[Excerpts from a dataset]

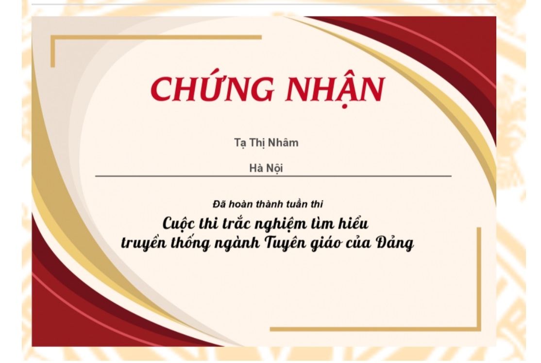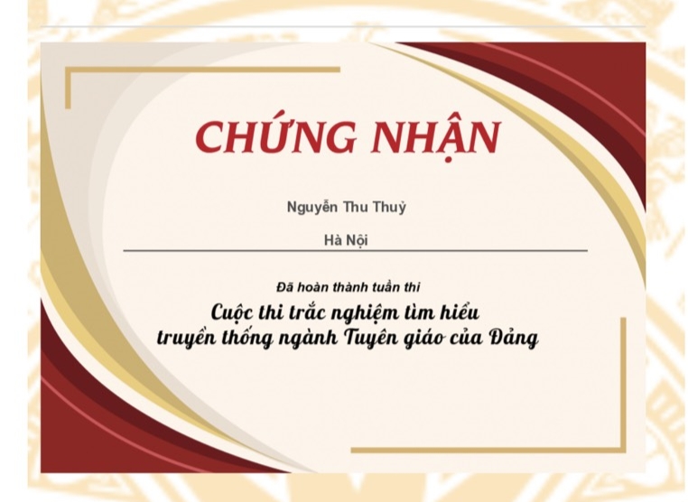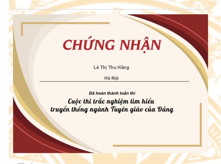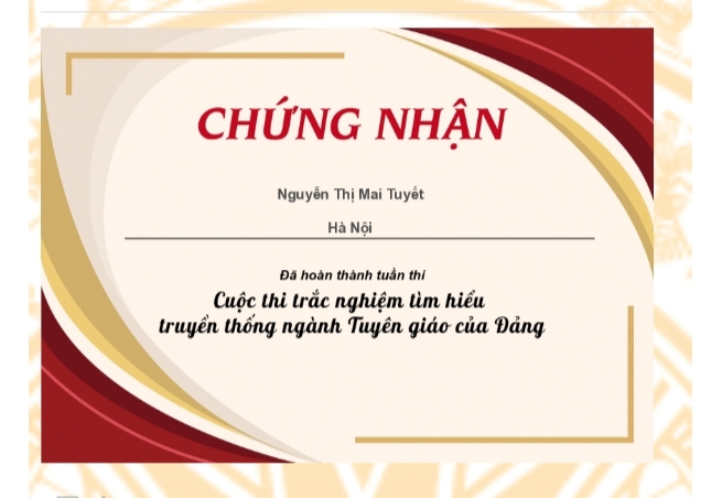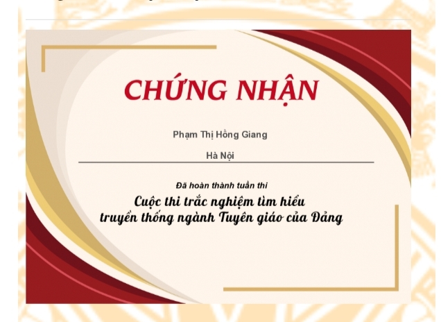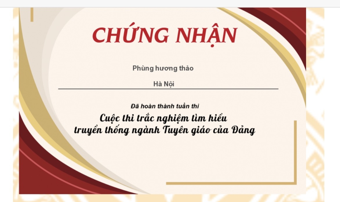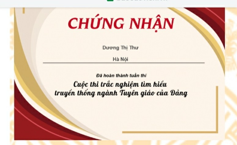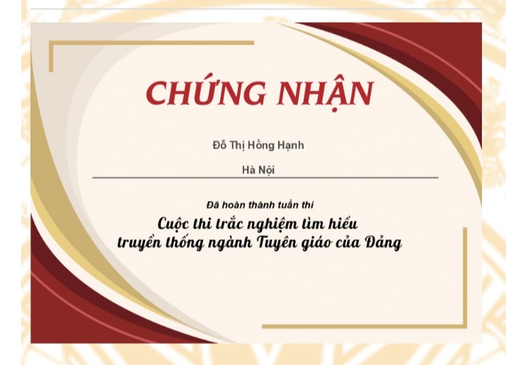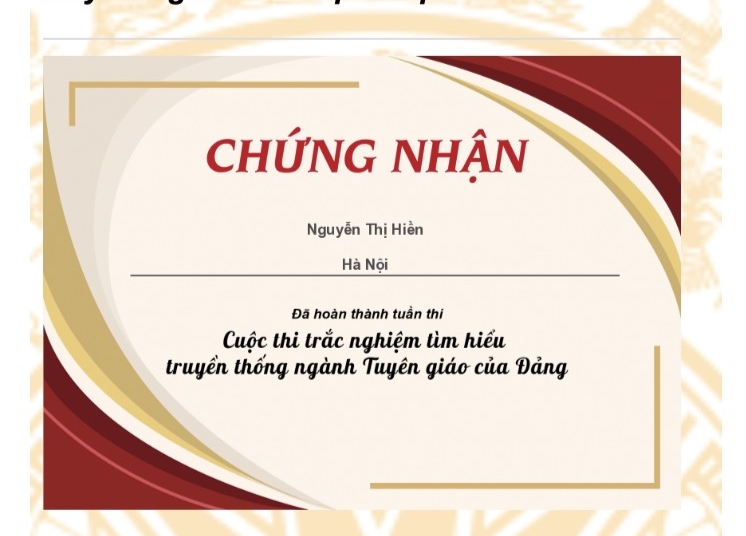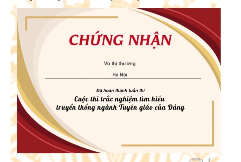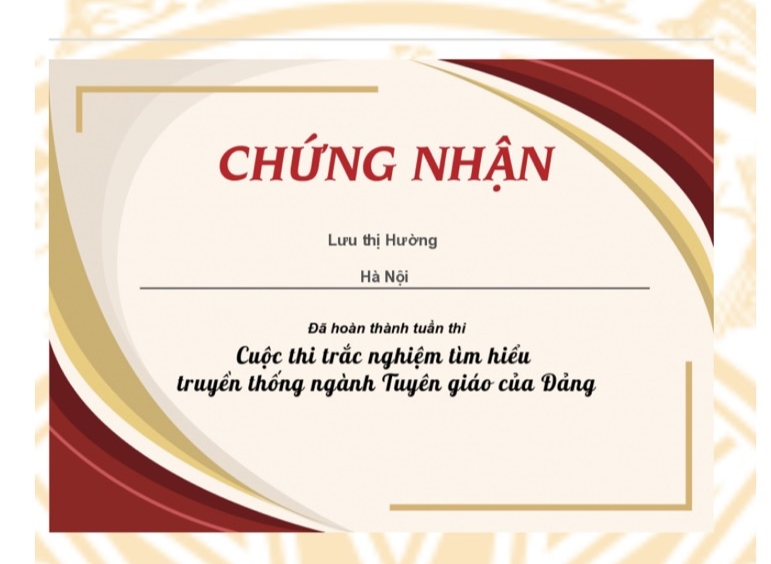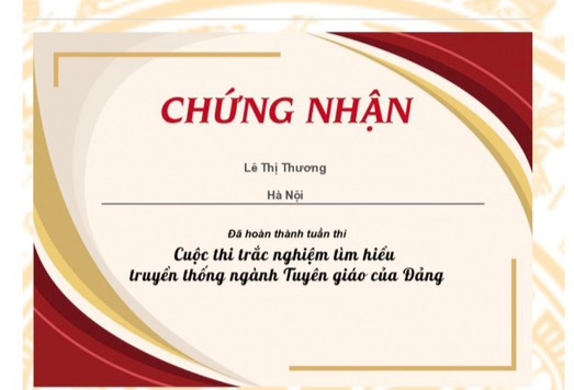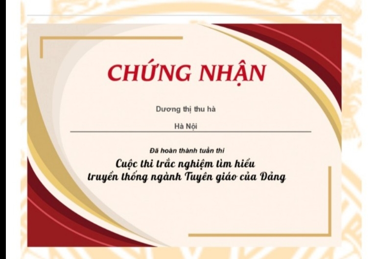 Nhân dịp kỷ niệm 93 năm Ngày truyền thống công tác Tuyên giáo của Đảng (01/8/1930 - 01/8/2023). Cán bộ, giáo viên, nhân viên Trường Mầm Non La Khê tích cực hưởng ứng tham gia Cuộc thi trắc nghiệm tìm hiểu truyền thống Ngành Tuyên giáo của Đảng. Tập thể CBGVNV nhà trường đã hưởng ứng tham gia cuộc thi và nhận được những tấm giấy chứng nhận đã hoàn thành tuần 3 của cuộc thi.
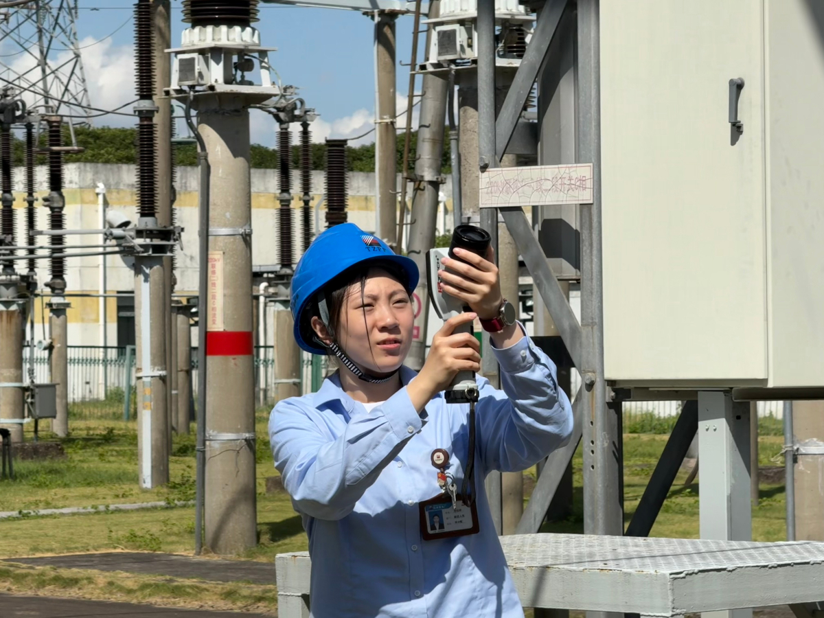臺(tái)州電廠維護(hù)部職工在升壓站測(cè)溫。 張艷瓊 攝
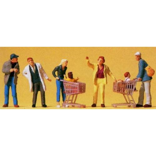 PF10492 買い物客、ショッピングカートに乗った子供 塗装済 1/87 H約0.8-2.2cm 7体入
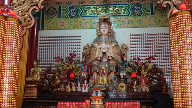 El templo se ubica en la calle Pitt Street, fue construido en 1728 en honor a la diosa Mazu, diosa del mar, siendo el templo taoísta más antiguo de Penang, fue renovado en el 1800 momento en el que se cambió a para dedicarlo a la diosa Guan Yin, Diosa de la Misericordia.
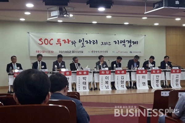 21일 오후 여의도 국회의원회관 제2 소회의실에서는 ‘SOC 투자와 일자리 그리고 지역경제’ 토론회가 진행됐다. 지역 경제가 활력을 잃고 고용 시장이 크게 위축된 상황에서 SOC 투자 확대에 대한 심도있는 논의가 필요하다는 데 정부와 학계, 언론, 업계 등이 의견을 모은 결과다.
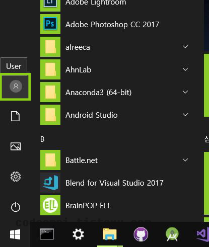 ▲ 시작 표시줄 왼쪽에 있는 사용자 버튼을 클릭합니다.
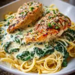 A comforting and elegant dish featuring succulent chicken breasts in a rich, creamy sauce with vibrant spinach and Parmesan cheese, served over pasta.
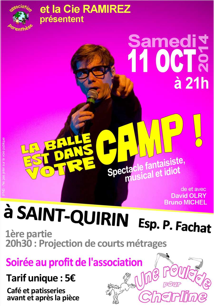 K’DJ (chariot disco), Vinyl Boosters (soul, funk), Les Bure Haleurs (folk irradié), Marco et les Ferailleurs (folk’abilly), L’accord de Raide (rock festif, ska), DJ P’ti Jo et Selecta Moz’aya - Samedi 11 Octobre 2014 : Soirée Théâtre à la Salle des Fêtes : La Balle est dans votre Camp (Cie Ramirez) au profit de l’association “Une roulade pour Charline“
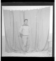 2891. EAP449/2/5/890 Reference (shelfmark): EAP449/2/5/890 Title: A man standing in the studio wearing a striped shirt and glasses Collection Area: Endangered Archives Programme Languages: Not applicable Date Range: 2nd half od the 20th century Extent: 1 TIFF image
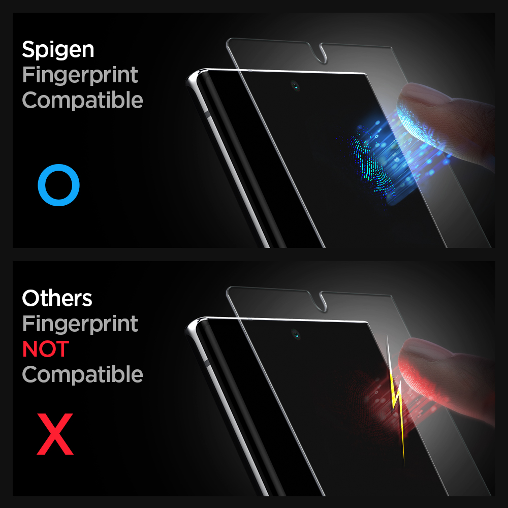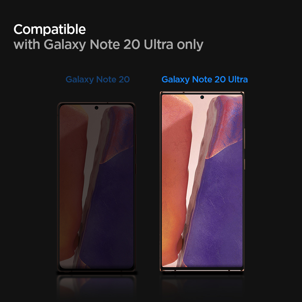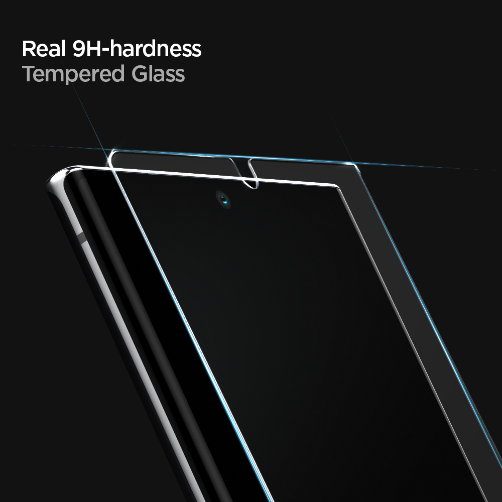 Less time, guaranteed alignment. The newest Spigen Glas.tR Platinum 2.0 for Samsung Galaxy Note 20 Ultra comes with an innovative tray designed to eliminate the time wasted to achieve the greatest alignment. Simply place the tray over the phone, press the center and watch the glass adhere in place. Shield the screen with 9H hardness Glas.tR Platinum 2.0 Fit with the latest and easiest technology.
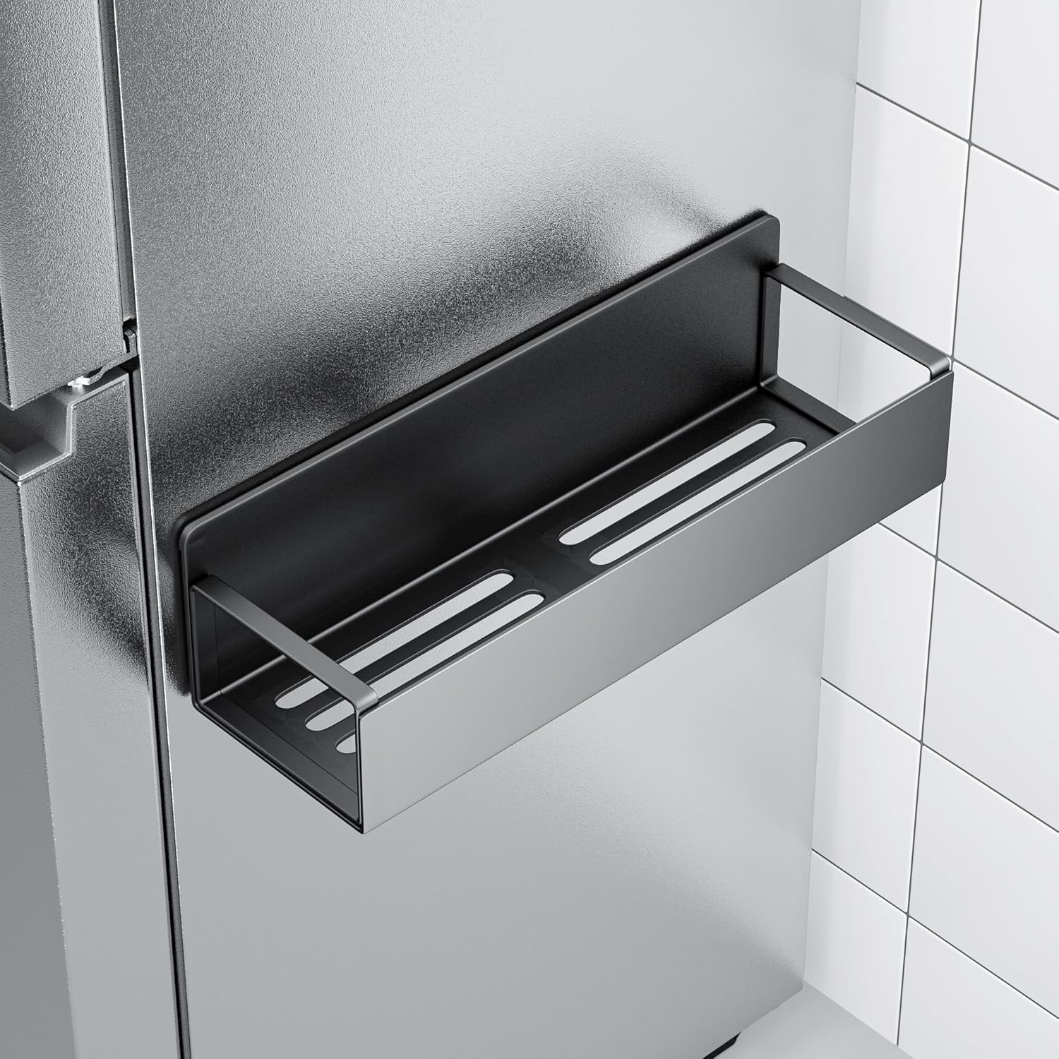 - THOUGHTFUL SAFETY DESIGN: The magnetic spice shelf features a raised 1.97-inch protective edge guard that effectively prevents items from falling off. The specially designed ventilated bottom ensures proper airflow and quick drying of containers.
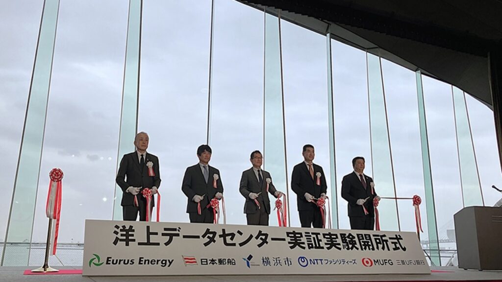 2026年3月25日、日本郵船、NTTファシリティーズ、ユーラスエナジーホールディングス、三菱UFJ銀行、横浜市は再生可能エネルギー100%で運用する洋上浮体型データセンターの実証実験を開始。
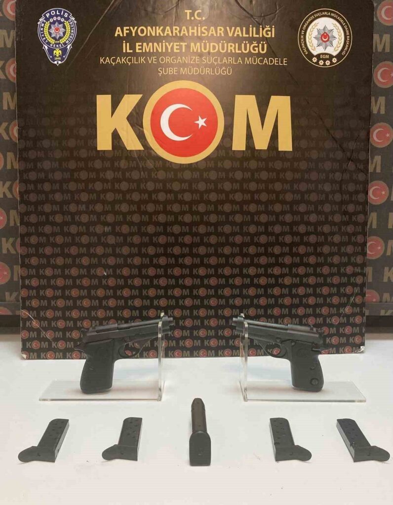 Afyonkarahisar'da polis, durdurduğu bir araçta yaptığı aramada 2 ruhsatsız tabanca ve 5…
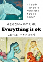 예술공간RGA 2026년 2월 전시 <Everything is ok> 안내입니다. '내가 흔들려도 나 외에 모든 건 저마다의 자리에 흔들림 없이 존재한다.' 어쩌면 자기만의 길을 가며 힘들어하는 이들에게 필요한 위로는You are ok 가 아니라 Everything is ok 가 아닐까? - 2026년 2월 11일 - 3월 13일 수 목 금 오후 2시 - 6시- 예술공간RGA (광주 동구 의재로 51번길 15-...
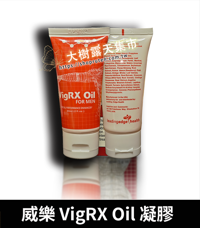 威樂VigRX-Oil 外用按摩膏威樂軟膏,讓強大的電流重新出現在妳的性生活!VigRX-Oil 草本萃取物,塗抹後可增加您的陰莖血流量,讓勃起更強大,更有力,全面補充男性機能。塗抹此全天然的男性陰莖增加補充品之後,您會看到VigRX-Oil 以前所未有的方式滿足您的伴侶!軟膏搭配口服膠囊效果更佳!
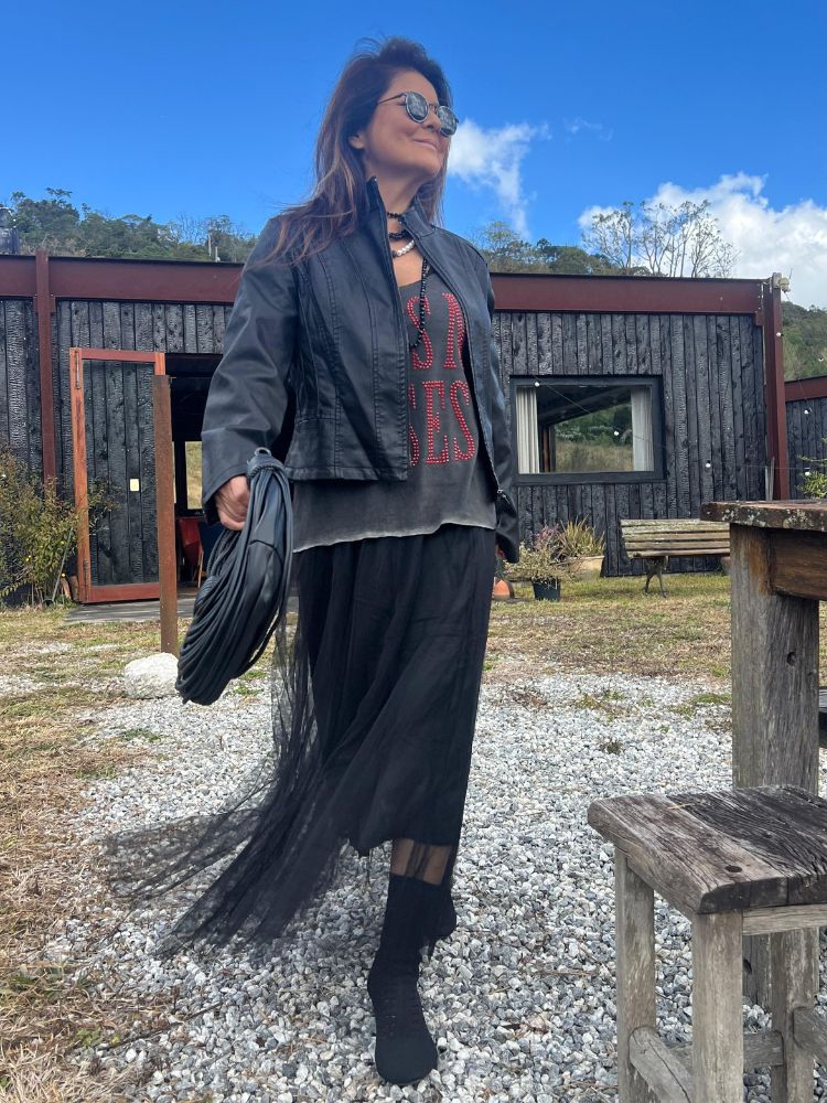 Detalhes: Saia longa de tule Cor preto Com forro Cintura com elástico

(EXERCISE INSTRUCTIONS)
Those lines of the records above that run from the one containing "사용자 버튼을 클릭합니다." through the one containing "2891. EAP449/2/5/890 Reference" should be returned exactly, with no pictures among them.

(WRITTEN REPLY)
 ▲ 시작 표시줄 왼쪽에 있는 사용자 버튼을 클릭합니다.
 A comforting and elegant dish featuring succulent chicken breasts in a rich, creamy sauce with vibrant spinach and Parmesan cheese, served over pasta.
 K’DJ (chariot disco), Vinyl Boosters (soul, funk), Les Bure Haleurs (folk irradié), Marco et les Ferailleurs (folk’abilly), L’accord de Raide (rock festif, ska), DJ P’ti Jo et Selecta Moz’aya - Samedi 11 Octobre 2014 : Soirée Théâtre à la Salle des Fêtes : La Balle est dans votre Camp (Cie Ramirez) au profit de l’association “Une roulade pour Charline“
 2891. EAP449/2/5/890 Reference (shelfmark): EAP449/2/5/890 Title: A man standing in the studio wearing a striped shirt and glasses Collection Area: Endangered Archives Programme Languages: Not applicable Date Range: 2nd half od the 20th century Extent: 1 TIFF image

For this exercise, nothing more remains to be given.